As nations across the globe work on ways for crypto regulation, the EU (European Union) has approved the fullest set of rules of any nation. The goal of the new EU crypto regulations will be to protect the broader financial system and investors from glitches in crypto as it grows. At the same time the wish of EU regulators is to allow crypto to grow and evolve. It is their belief that nations which successfully allow crypto to grow and innovate within a sufficiently regulated framework will benefit from the next phases of crypto growth.
EU Crypto Regulations
Crypto rules dealing with a crypto version of the euro, broad financial services innovation, money laundering, and digital finance in the broadest sense are called the MiCA or Markets in Crypto Assets regulations. Specific goals of MiCA are to eliminate criminal activity, fraudulent business practices, investment scams, and the sort of cascading business failures that we saw across crypto this last year from the Voyager Digital Ltd. bankruptcy, to the FTX collapse, to the Genesis DeFi business bankruptcy. The EU specifically wants to avoid crypto problems that end up destabilizing their traditional banking sector.
Working Parts of MiCA for Crypto
Crypto licensing and funds transfer rules will be such that a crypto business will need to register with the financial regulatory authority in at least one EU state in order to operate within the EU as a whole. Thus, all crypto businesses will be under the supervision of the European Securities and Markets Authority and the European Banking Authority which are the EU’s two financial watchdogs. In separate legislation the European Parliament passed an anti-money laundering law by a 529 to 29 vote. This law will require all crypto operators to identify who their clients are.
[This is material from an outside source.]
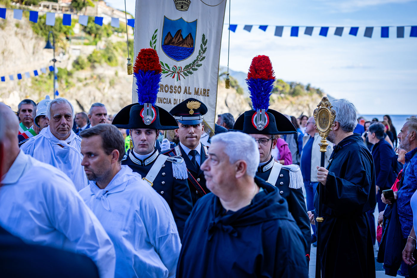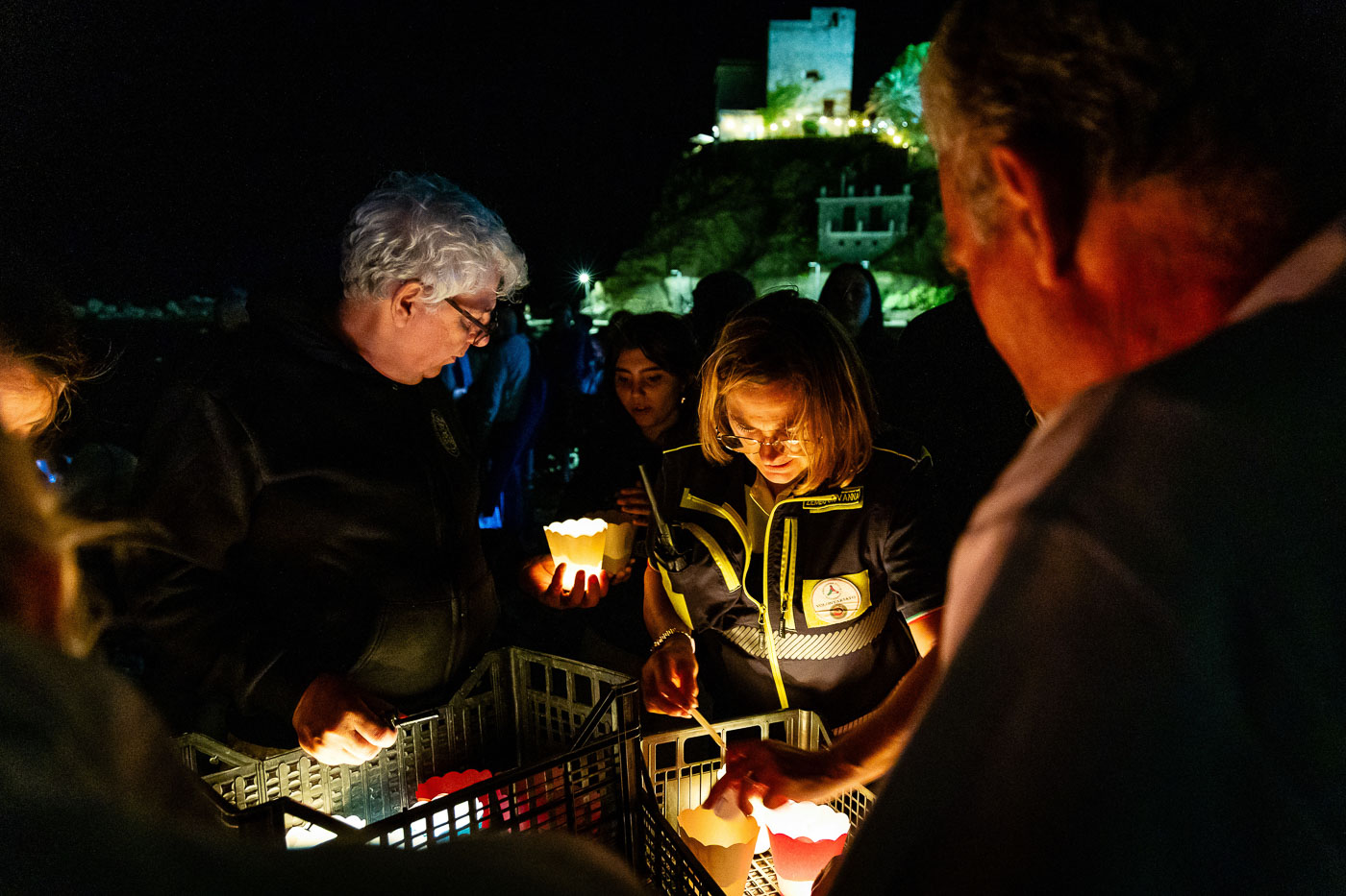 Met de eerste boot varen we langs Portovenere en de vijf beroemde dorpen. Vanaf het dek zien we hoe ze opduiken uit de kliffen – een kleurrijke ketting van huizen, kerken en vissershavens. Monterosso is ons eerste doel. Het is feestdag: de terugkeer van Maria wordt gevierd, eens in de 25 jaar. Processies, muziek, kaarslicht op het water – alles ademt traditie.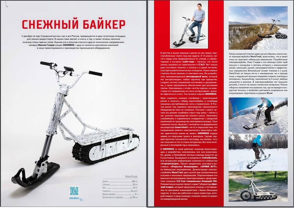 Небольшая публикация о электросноубайке в журнале ИДИ.

Stablecoins Must Be Stable in the EU
Another aspect of the new EU regulations is that stablecoins that are tied to other assets to maintain their value will be required to maintain sufficient reserves in order to accomplish that task. This is the sort of thing that we suggested is coming as well in the USA where crypto businesses that hold customer assets will be required to have reserves and be regulated like banks by the Fed or other governing authorities. EU regulators say that a big part of the new set of laws is to provide regulatory clarity so that those doing business in the crypto realm know what is expected of them and what the boundaries are. In addition, the new set of laws will be rolled out over the coming year or so, allowing those to be affected to get ready. According to an article published online by Bloomberg, we can expect to see the final text of the new set of laws in June and they will enter into law starting in July. The stablecoin rules will apply as of July of 2024 and some of the rules applying to service providers in decentralized finance will not be active until January of 2025.
Crypto Trading Volume Caps Under MiCA
In order to avoid the collapse of not-so stable stablecoins, not only will these entities need to peg one-to-one to currencies like the dollar or euro, but they will be required to demonstrate adequate governance and management practices and will have a daily trading cap of €200 million if they are pegged to a non-euro currency.
Crypto Will Be Required to Abide by the Travel Rule in the EU
The “travel rule” is the set of laws that apply to money transfers. Crypto businesses will be required to send information about receivers and senders of crypto assets to the appropriate local anti-money laundering authority in the EU.
Who Will Have to Comply with New EU Crypto Laws?
Roughly a fifth of global crypto asset transfers occurred in northern, central, and western Europe in 2022 or about $1.3 trillion as valued in US dollars. Anyone who is an exchange operator, marketing or advisory service, custody provider, or otherwise engaged in dealing with customers in a crypto business in the EU will be required to follow the new laws, including money laundering laws, as they are rolled out. In regard to crypto businesses located outside of the EU, if they are not directly soliciting business from entities within the EU, they will be able to service customers there.
While many in the crypto realm oppose any sort of regulation, the cascade of business failures and investor losses in the last year made this set of laws in the EU and coming regulations elsewhere a certainty.